Here’s an excerpt from that letter that perhaps you might find helpful, especially if you need to be reminded of a good experience you had with God, and the people that were there with you:

” . . . I know that your choice to come on retreat was only one of many you have yet to make.  I invite you to let one of those be to be deliberate about remembering the graces of your retreat experience.  Many of you expressed the desire to hold onto the consolations of the weekend, but you also shared your fear that the many cares of your lives might make this difficult.  So, let this letter serve as a reminder to set aside some time to reflect, to journal, and to speak with others about what this weekend meant to you.  Pay attention to what struck you the most, and begin to ask: Why?  What is God trying to tell me?

This process of discovery will be helped by such things as attending mass more regularly, and finding a group of peers also seeking what God desires for their lives.  I also encourage you to find a spiritual director whom you can meet with on a regular basis.  The spiritual director won’t tell you what to do, but will help you to see the direction in which God is leading you.  You might also try to make a silent retreat of 3 to 5 days.  Silence makes room for God like nothing else.  Ignatius House can provide you assistance with both these things.

If you made a friend this weekend—or a few—do more than just Facebook each other.  Get together, and get to know each other better.  Do the same with God.  Get out of the house, and meet God away from your everyday distractions!  You’ve undoubtedly found that upon returning home from the retreat, your life hasn’t changed as much as you’d hoped.  There are still many of the same challenges.  But there is also something new happening.  This is the beginning, as the prophet Jeremiah speaks about, of “a future full of hope.”  That hope lies in your choice to let this be not just a pleasant weekend, but one of your life’s turning points.  Trust that God, with your help, will make the change you need happen.  But pray also for patience with the fact that this may happen in God’s time, and not as immediately as you would like . . .”

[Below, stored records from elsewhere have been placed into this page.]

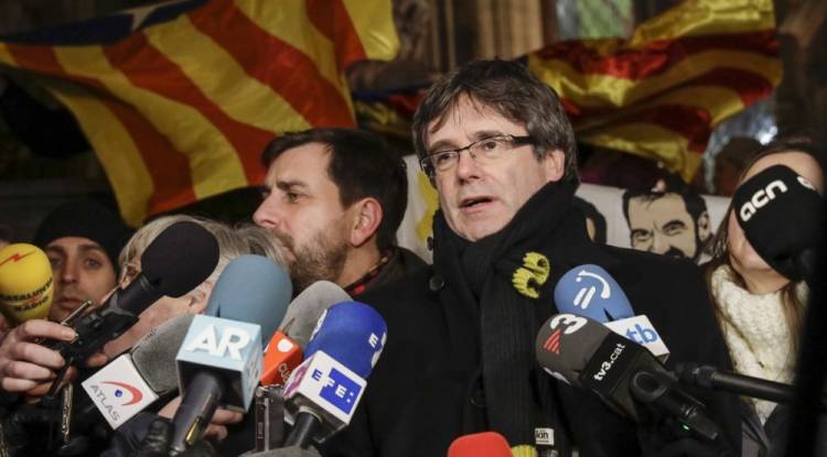 Finnish police said Saturday they were seeking to arrest Catalonia's former president Carles Puigdemont under a European arrest warrant issued by Spain, but did not know his whereabouts. Puigdemont, who lives in self-imposed exile in Belgium, has been visiting Finland since Thursday for...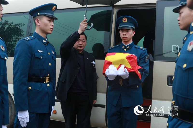 3月7日15時許,經過近3個小時長途跋涉,空降兵某旅直升機團四級軍士長、救火英雄李道洲魂歸故里——河南省光山縣。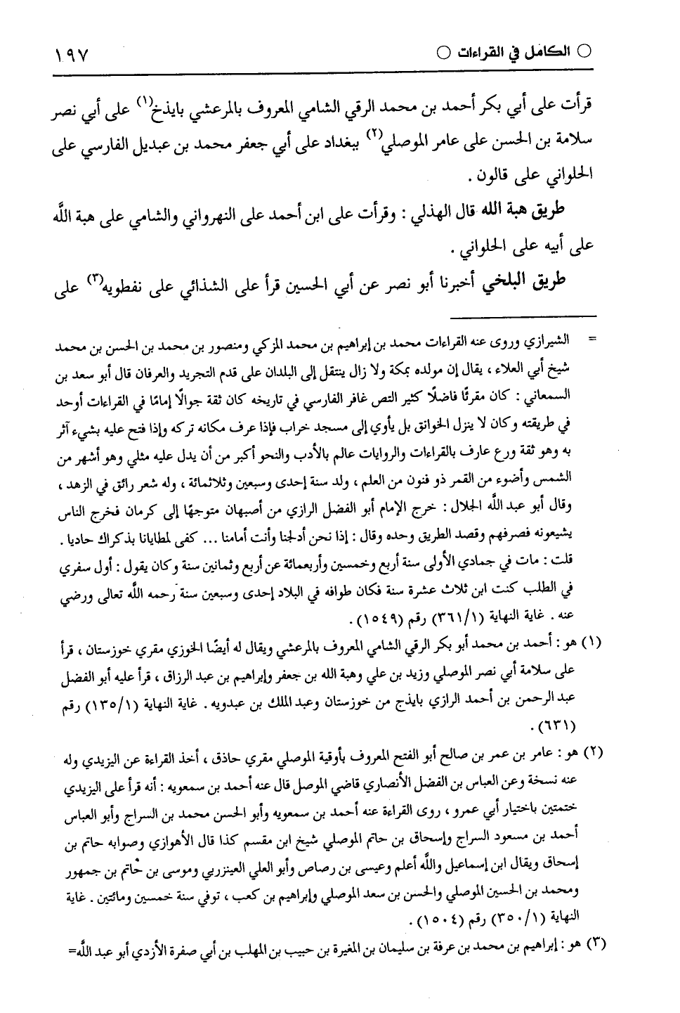 طريق هبه الله قال الْهُذَلِيّ: وقرأت على ابن أحمد على النهرواني والشامي على هبة اللَّه على أبيه على الحلواني.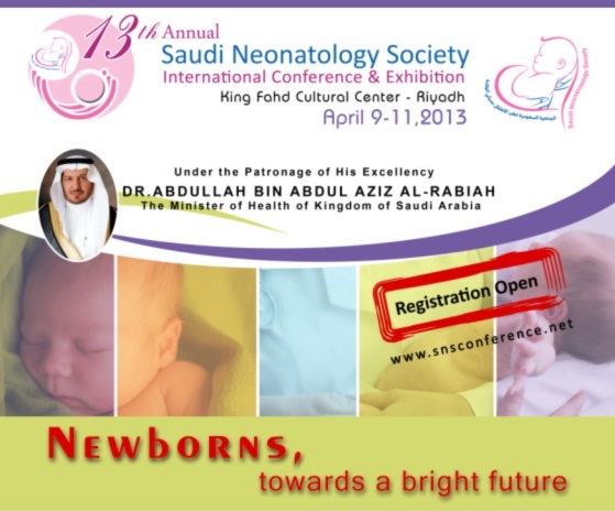 تحت رعاية معالي وزير الصحة الدكتور عبدالله بن عبدالعزيز الربيعة تفوم الجمعية السعودية لطب الأطفال حديثي الولادة بعقد مؤتمرها العالمي الثالث عشر خلال الفترة من 9 إلى 11 أبريل 2013م، في مركز الملك فهد الثقافي بمدينة الرياض.

This was something that I know I need to hear right now, and there are things here which I know I need to continually remind myself of.  And just leave it to God, that infinite trickster, to send me a reminder, using my own words!  God is good, and doesn’t have a half-bad sense of humor.

Why “GODsTALKed”?

A while back I was listening to Death Cab for Cutie’s song, “I will possess your heart.” One of the verses goes like this:

How I wish you could see the potential/The potential between you and me/Like a book elegantly bound/But in a language that you can’t read, just yet . . . The refrain continues: You’ve got to take some time, love/You’ve got to take some time, with me/And I know that you’ll find, love/I will possess your heart.

In my typical fashion, I started to think what it might be like if God were saying this. What if we saw this as an invitation from God? From that perspective, it is quite a moving invitation. God is inviting us to something “elegant,” even if we can’t understand it, just yet.Of course, if you go deeper, you become aware that this probably isn’t what the song is really talking about. Indeed, it’s most certainly meant to be the words of a man obsessed with a woman. From that perspective, things are a little different. In fact, it gets kind of creepy. This is the song of a stalker!

But, as strange as this suddenly becomes, I also find I quite like the image of God as someone who is stalking us, as someone who watches us lovingly, and longs to possess our heart. When it’s God that has that depth of passion, it’s pretty awesome! Even though, if it were anybody else, it would probably just be creepy.

But I think we are all God-stalked, and that we all long to hear God talk to us. But it may be in a language we can’t read–just yet.

This blog is about what happens when we start to learn the language of GODsTALK.